• What the task asks
Two lines in the data below mark the range: the one with "Однокомнатный номер. Площадь: 15" and the one with "Bidón de 700ml". Return both, along with every line between them, exactly.
Segment Start: Data supplied
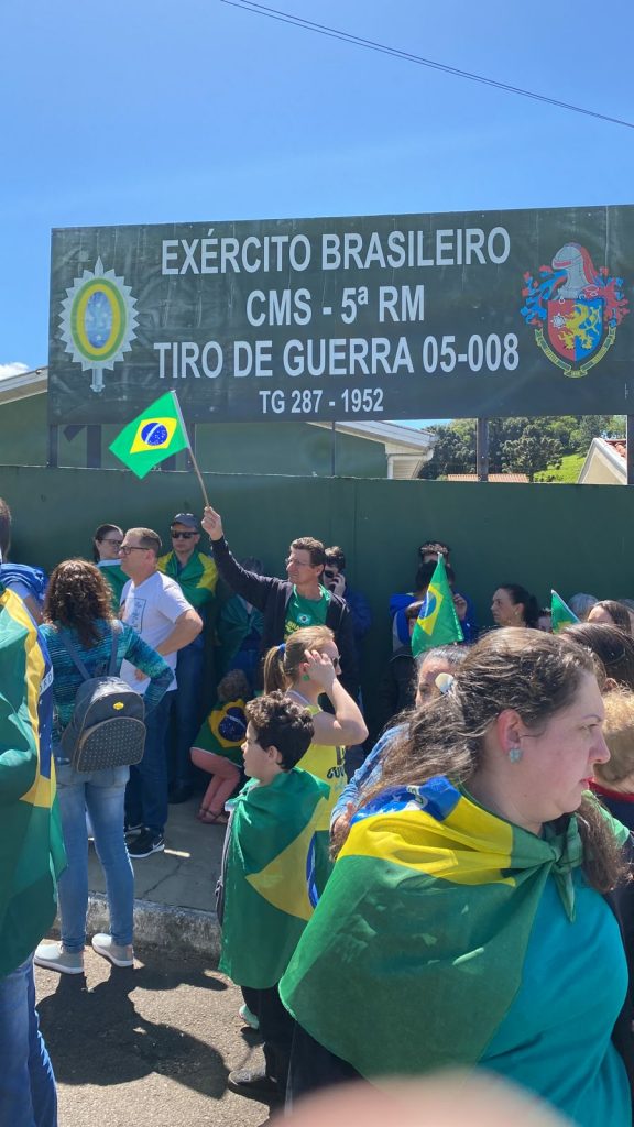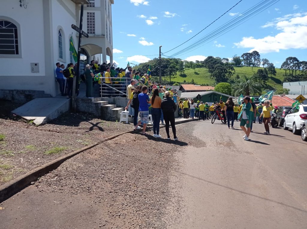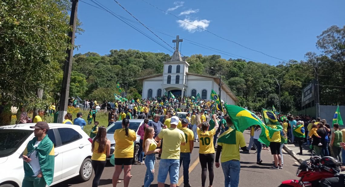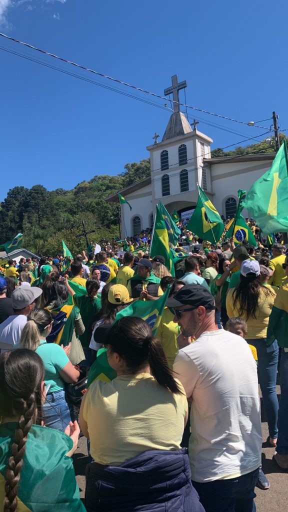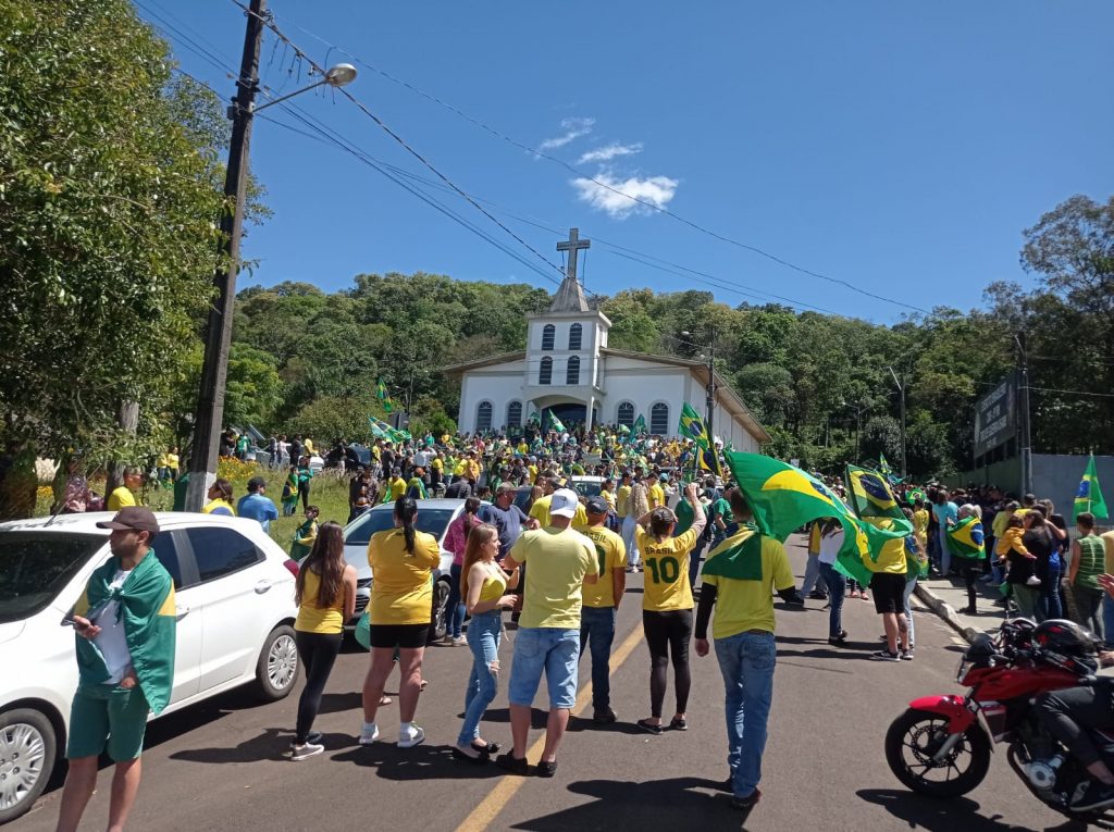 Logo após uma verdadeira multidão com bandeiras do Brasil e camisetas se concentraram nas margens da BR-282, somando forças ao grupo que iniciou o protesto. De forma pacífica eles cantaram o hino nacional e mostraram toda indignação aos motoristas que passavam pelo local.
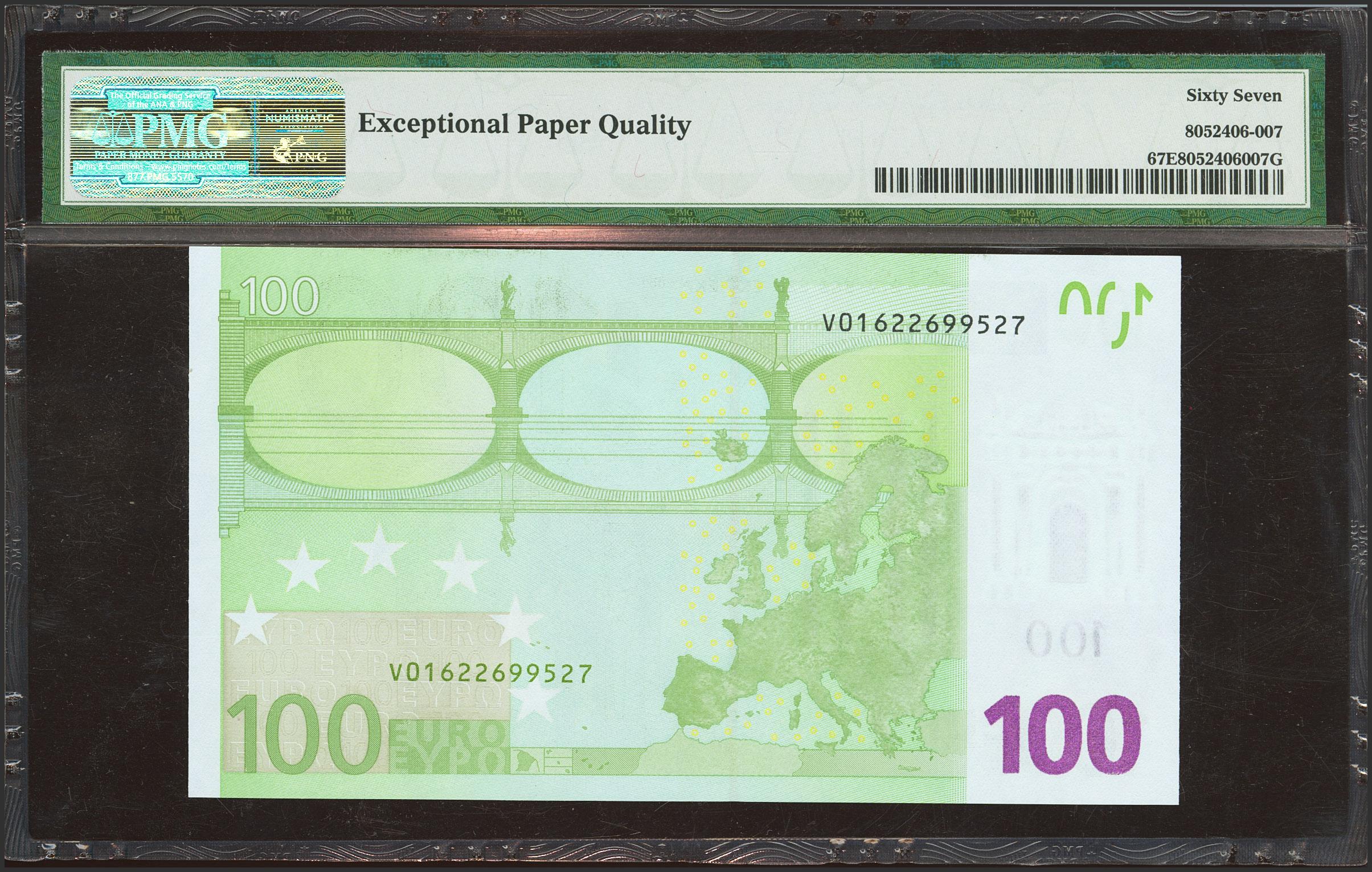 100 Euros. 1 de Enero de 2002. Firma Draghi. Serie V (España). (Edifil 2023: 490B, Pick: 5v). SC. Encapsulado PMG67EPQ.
Segment End: Data supplied
Segment Start: Data supplied
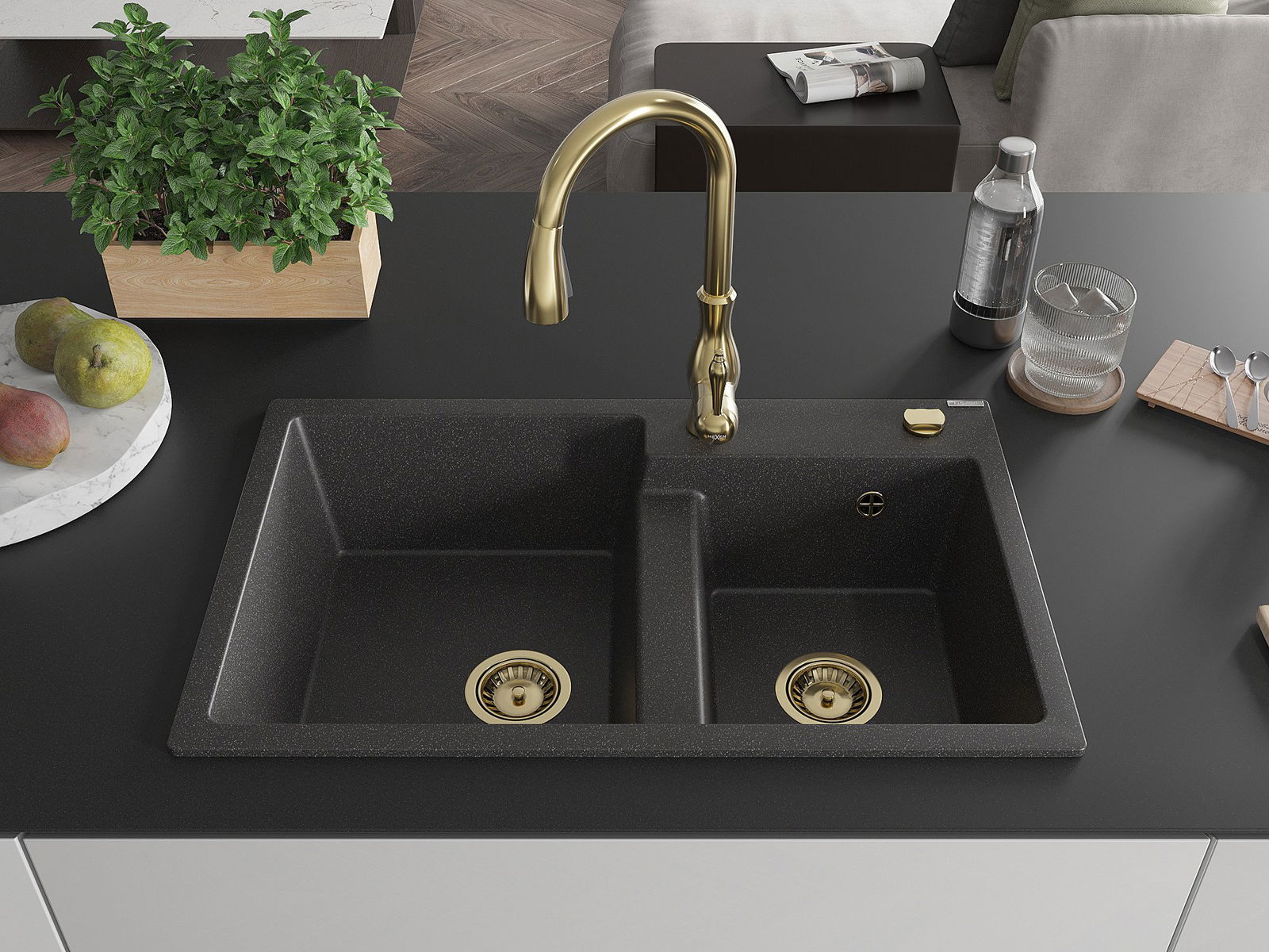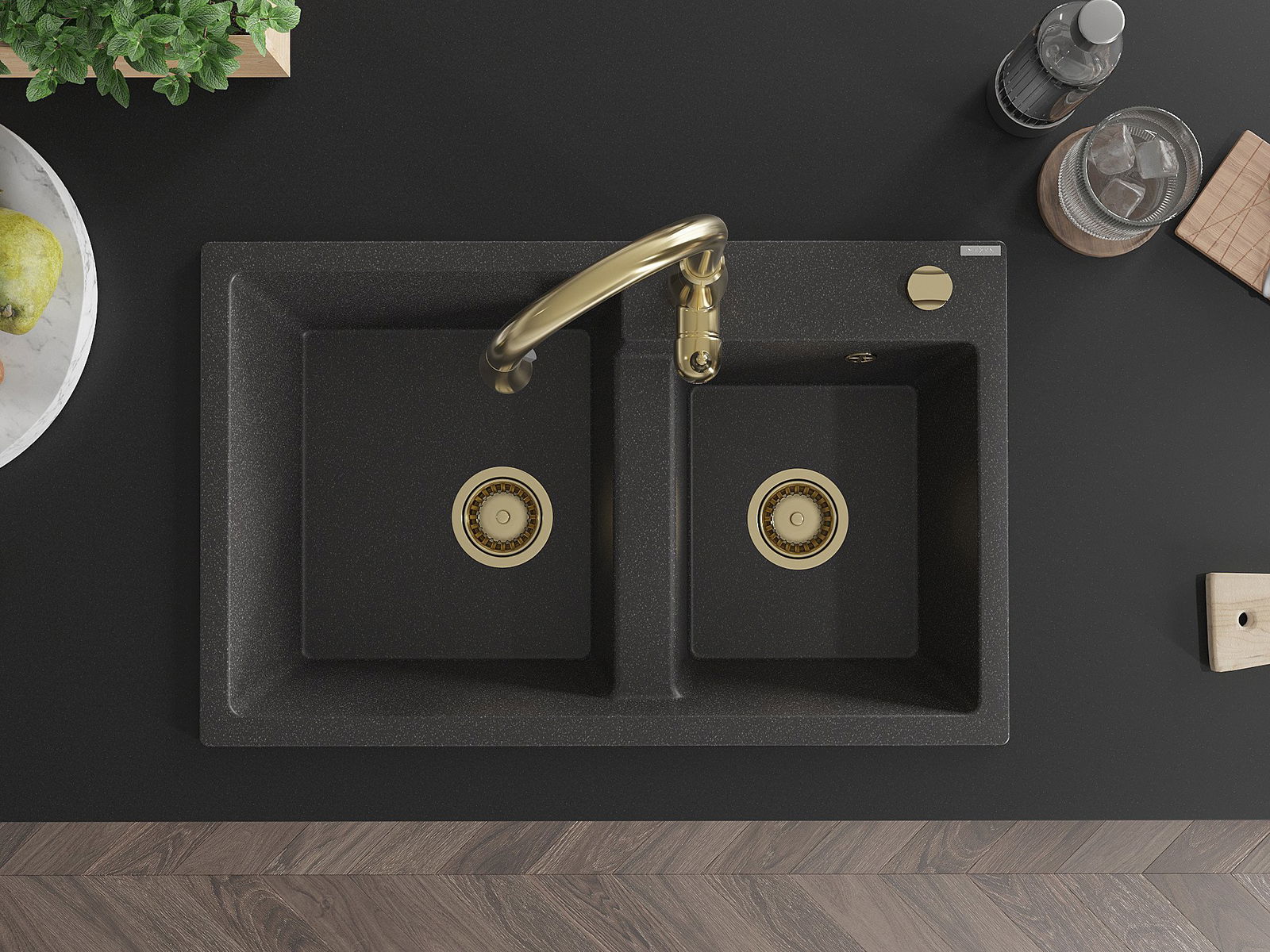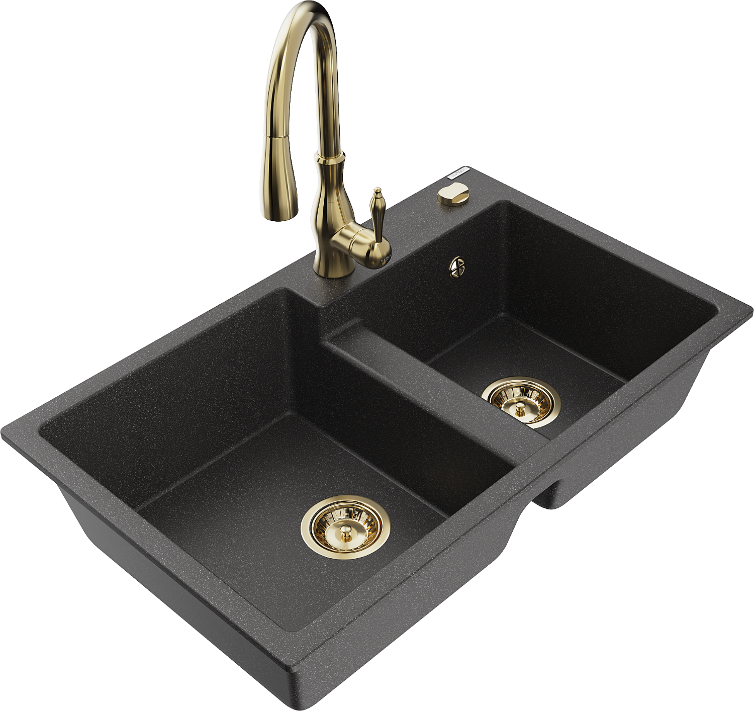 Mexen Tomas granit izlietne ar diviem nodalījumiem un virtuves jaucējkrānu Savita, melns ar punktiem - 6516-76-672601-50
Segment End: Data supplied
Segment Start: Data supplied
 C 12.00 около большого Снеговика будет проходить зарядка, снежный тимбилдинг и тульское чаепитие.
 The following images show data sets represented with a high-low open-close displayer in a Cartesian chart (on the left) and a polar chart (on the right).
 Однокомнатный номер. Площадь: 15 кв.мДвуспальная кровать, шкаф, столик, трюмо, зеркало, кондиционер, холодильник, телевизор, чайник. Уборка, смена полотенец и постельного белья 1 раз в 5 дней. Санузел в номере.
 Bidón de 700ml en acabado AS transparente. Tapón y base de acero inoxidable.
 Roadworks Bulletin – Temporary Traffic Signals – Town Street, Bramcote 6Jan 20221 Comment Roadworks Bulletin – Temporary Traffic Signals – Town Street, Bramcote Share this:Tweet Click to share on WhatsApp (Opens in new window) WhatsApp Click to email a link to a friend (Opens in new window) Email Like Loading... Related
Segment End: Data supplied
• Exercise answer
 Однокомнатный номер. Площадь: 15 кв.мДвуспальная кровать, шкаф, столик, трюмо, зеркало, кондиционер, холодильник, телевизор, чайник. Уборка, смена полотенец и постельного белья 1 раз в 5 дней. Санузел в номере.
 Bidón de 700ml en acabado AS transparente. Tapón y base de acero inoxidable.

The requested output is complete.